Steyer’s anti-carbon crusade bags another win (sort of)

Detroit – On the heels of blocking the Keystone Pipeline, billionaire global warming activist Tom Steyer and his green allies celebrated another victory over the oil sands industry this summer when Michigan’s Department of Environmental Quality (DEQ) denied Detroit Bulk Storage a permit to store pet coke downriver of Detroit. Pet coke is a carbon-rich, coal-like byproduct from Marathon Oil’s huge Detroit refinery which processes Canadian oil sands. The DEQ’s decision came on the heels of loud protests by greens and Steyer-funded Democratic Senate candidate Gary Peters.

But just as America’s fracking industry has succeeded in the face of an anti-carbon White House, the pet coke industry will not be denied.

Cheap carbon energy is the backbone of industrial nations. Just a few miles south of Bulk Storage’s loading docks, Michigan utility DTE Energy is burning Marathon’s pet coke in its Monroe coal power plant.

Just south of Michigan’s border, Port of Toledo’s Midwest Terminal is exporting Marathon’s pet coke to cement plants and coal utilities around the world.

“We’ve stored pet coke at this site for 12 years,” says Noel Frye who runs Bulk Storage as a family business with his brother, John. “Now Marathon’s pet coke business has gone out of state and to DTE.”

Standard for Democratic Big Government, the politicized pet coke market comes at a high price for the little guy.

Detroit Bulk Storage, with less than a million in annual revenue and a handful of full-time employees, has become a lightning rod for green activists.

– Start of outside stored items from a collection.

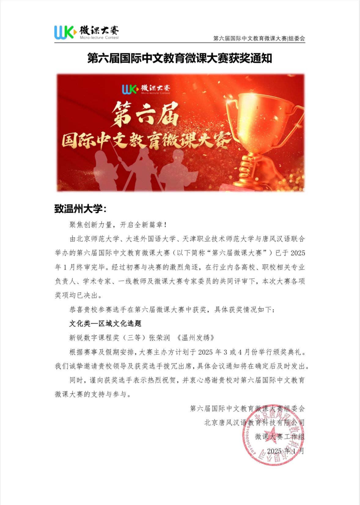 近日,由北京师范大学、大连外国语大学、天津职业技术师范大学与唐风汉语联合主办的第六届国际中文教育微课大赛圆满落幕。本届大赛吸引了来自全国240余位个人选手及120余个团体(含近700名成员)参与,提交作品逾1300件,涵盖语言教学、区域文化、中国国情等多元主题。区块链游戏 2023级研究生张荣润凭借扎实的专业知识、创新的教学理念和出色的教学技能在比赛中荣获“新锐数字课程奖(三等)”。
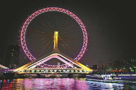 3月28日,海河游船行駛在天津海河永樂橋附近。當(dāng)晚,“運(yùn)河向津來”——第七屆天津海河文化旅游節(jié)啟幕。本屆海河文化旅游節(jié)以海河觀光帶為主軸,將游覽參觀與步入式賞景、沉浸式體驗(yàn)、文創(chuàng)演藝等相結(jié)合。新華社記者 孫凡越 攝
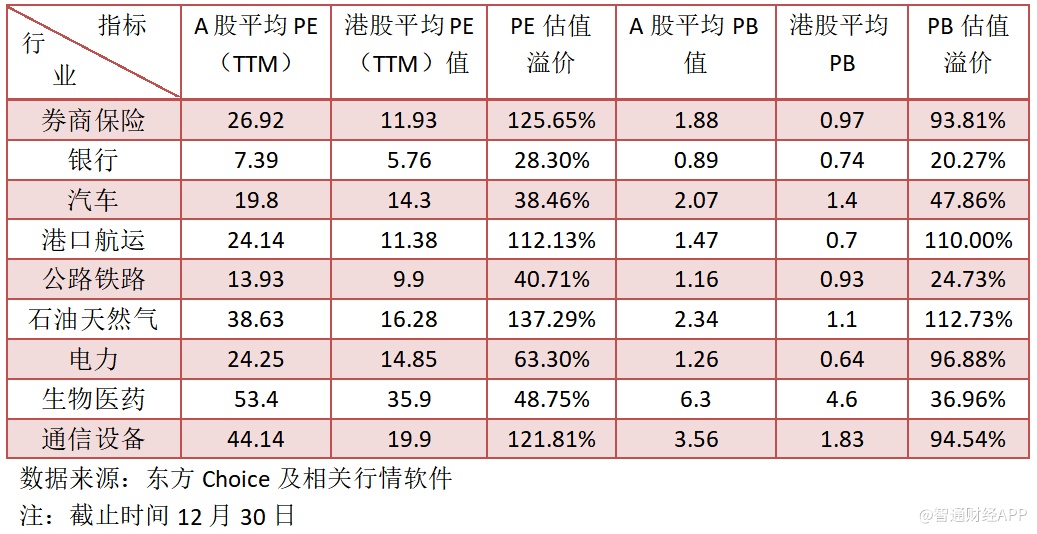 智通财经APP整理了AH股在8个行业的PE(TTM)和PB估值,并进行了对比,PE(TTM)估值溢价超过100%的有4个行业,分别为券商保险、港口航运、石油天然气以及通信设备,PB估值溢价超过100%的有两个,分别是港口航运和石油天然气,不过券商保险、电力以及通信设备溢价均超过90%。
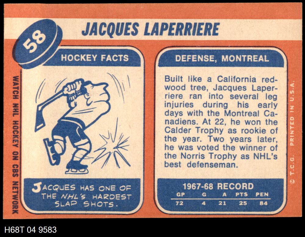 | 1968 Topps #58 Jacques Laperriere | 6 - EX/MT | Front | Back |
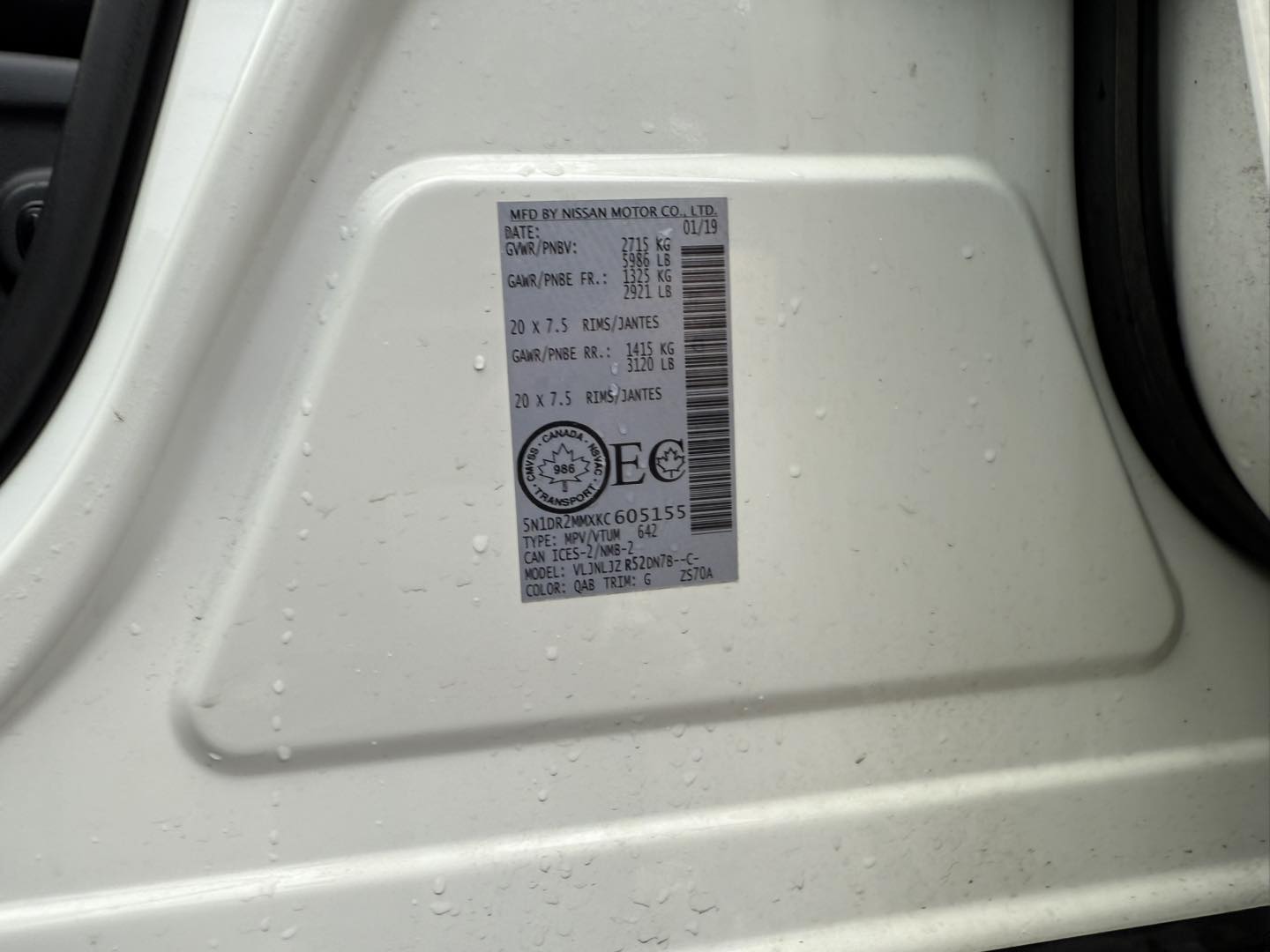 5N1DR2MMXKC605155Transmission:
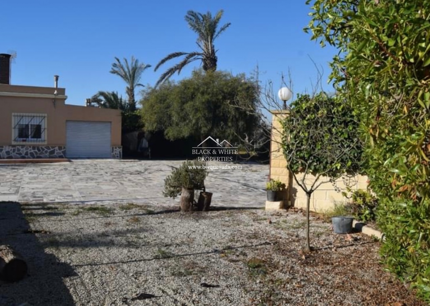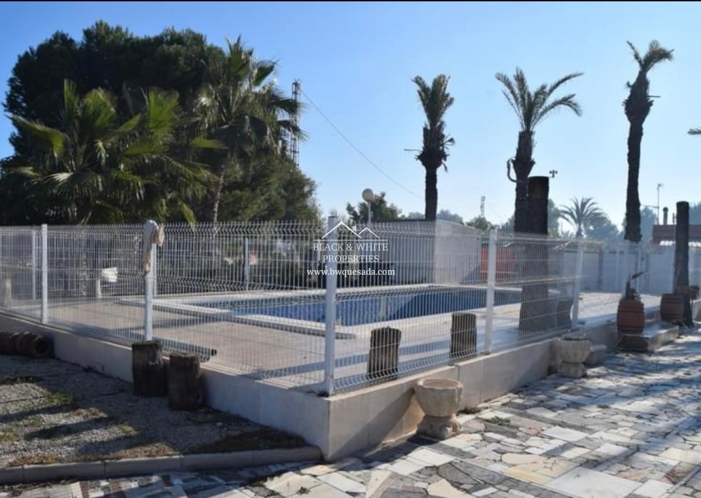 Villa for sale in Elche just 5 minutes from all services, shops, supermarkets, schools, restaurant, doctor. The house has 170m2 distributed in 3 bedrooms, 2 bathrooms, one outside next to the pool. Living room with fireplace, garage for 2 cars, 2 barbecues, swimming pool with treatment plant and auxiliary bathroom, large covered porch and automatic entrance door. The plot is 2,400m2 with an orchard, gardens, fruit trees and a children's area with swings. The beaches of Santa Pola are just 5 minutes away and the airport 15 minutes away.
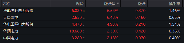 电力板块涨幅居前,华能国际电力股份、大唐发电均涨超6%。
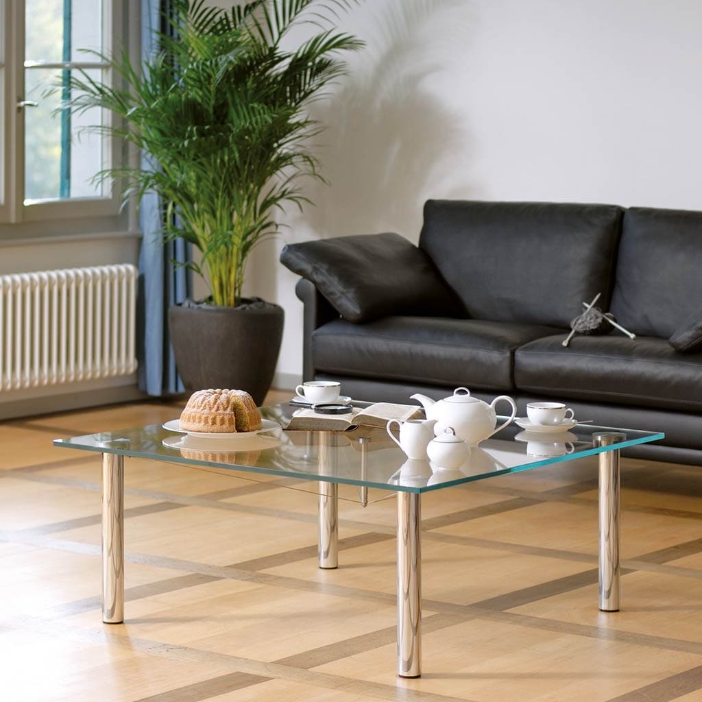Bei der Materialwahl bieten wir Ihnen eine ausgewählte Glaspalette sowie verschiedene Materialisierungen für das Gestell (Füsse). Mit verchromten Stahlfüssen und einer Glasplatte wirkt TALINO besonders leichtfüssig. Welchen TALINO Sie auch immer wählen – Sie werden bestimmt beste Freunde.
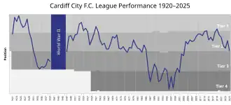 Cardiff City Football Club (Welsh: Clwb Pêl-droed Dinas Caerdydd[3]) is a professional association football club based in Cardiff, Wales. It currently competes in EFL League One, the third tier of the English football league system in the 2025–26 season following relegation. Founded in 1899 as Riverside A.F.C., the club changed its name to Cardiff City in 1908 and entered the Southern Football League in 1910 before joining the English Football League in 1920. The team has spent 17 seasons in the top tier of English football, the longest period being between 1921 and 1929. Their most recent season in the top flight was the 2018–19 Premier League season.
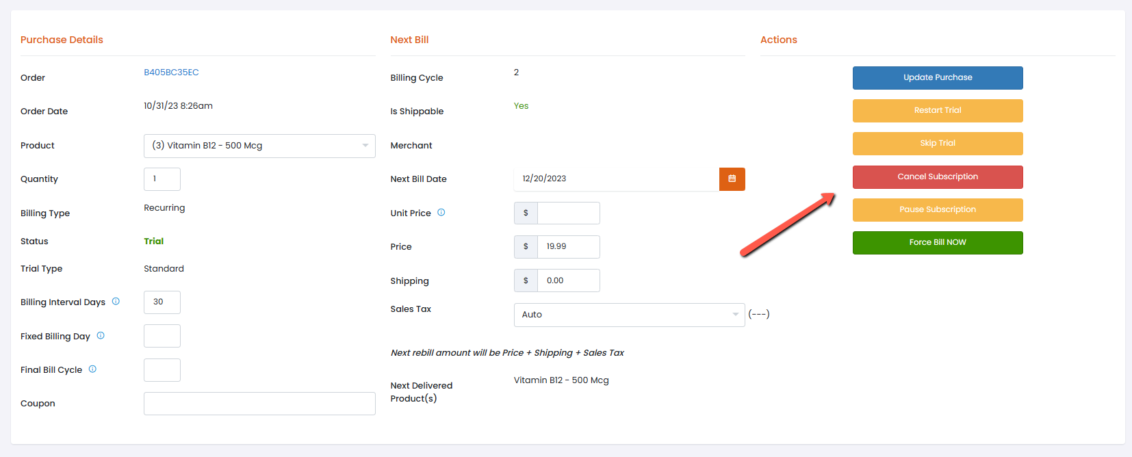 Inside the Purchase Details page *select* the *Red* **Cancel Subscription button.**
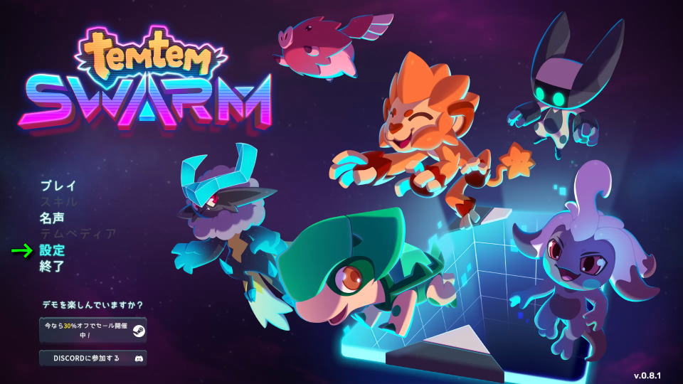 Temtem Swarmの操作を確認するには、日本語化済みのタイトルメニューから「設定」に進みます。
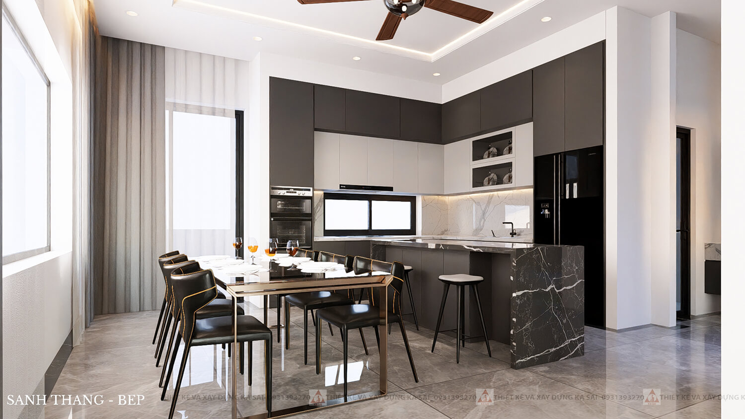 - Tầng 1: Phòng kinh doanh, phòng bếp, WC.
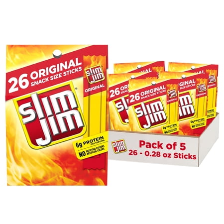 Experience intense, smoky flavor with delicious Slim Jim Original Snack Size Sticks. Made with beef, pork and chicken, these meat sticks contain no artificial flavors or colors for full meaty flavor everyone can love. Each meat stick serving is loaded with...

Besieged by complaints from Peters’ special interest allies, a Michigan DEQ spokesman said the agency had no choice but to take action against Bulk, even as its loading docks are surrounded by huge chemical and steel plants on Zug Island, in one the most heavily industrialized areas of Michigan.

“He’s fighting to stop putting special interests ahead of everyday folks,” boasts a Peters campaign ad. But his War on Carbon proves otherwise.

Though Bulk has stored identical-looking coal and pet coke at its facility without complaint for years, the DEQ determined that pet coke is dustier and therefore required different storage criteria.

The state’s compliance plan required that Bulk Storage erect a building to house the energy-rich substance – a massive expense for small Bulk Storage, not so much for a $10 billion utility.

DTE has met the requirements while laying low about its pet coke use in order to avoid negative media publicity. Democratic allies like The Detroit Free Press, New York Times, and Huffington Post have been a megaphone for the Green Church’s anti-carbon crusade. But with coal under assault from Washington, cheap pet coke helps utilities check energy inflation – a key to Michigan’s maintaining the heavy industry that is its economic base.

Funded by Steyer’s millions, Peters fancies himself an anti-oil sands activist.

Yet the expensive regulations he supports haven’t deterred its use. What he has deterred are small business jobs in a bankrupt city that needs more of them.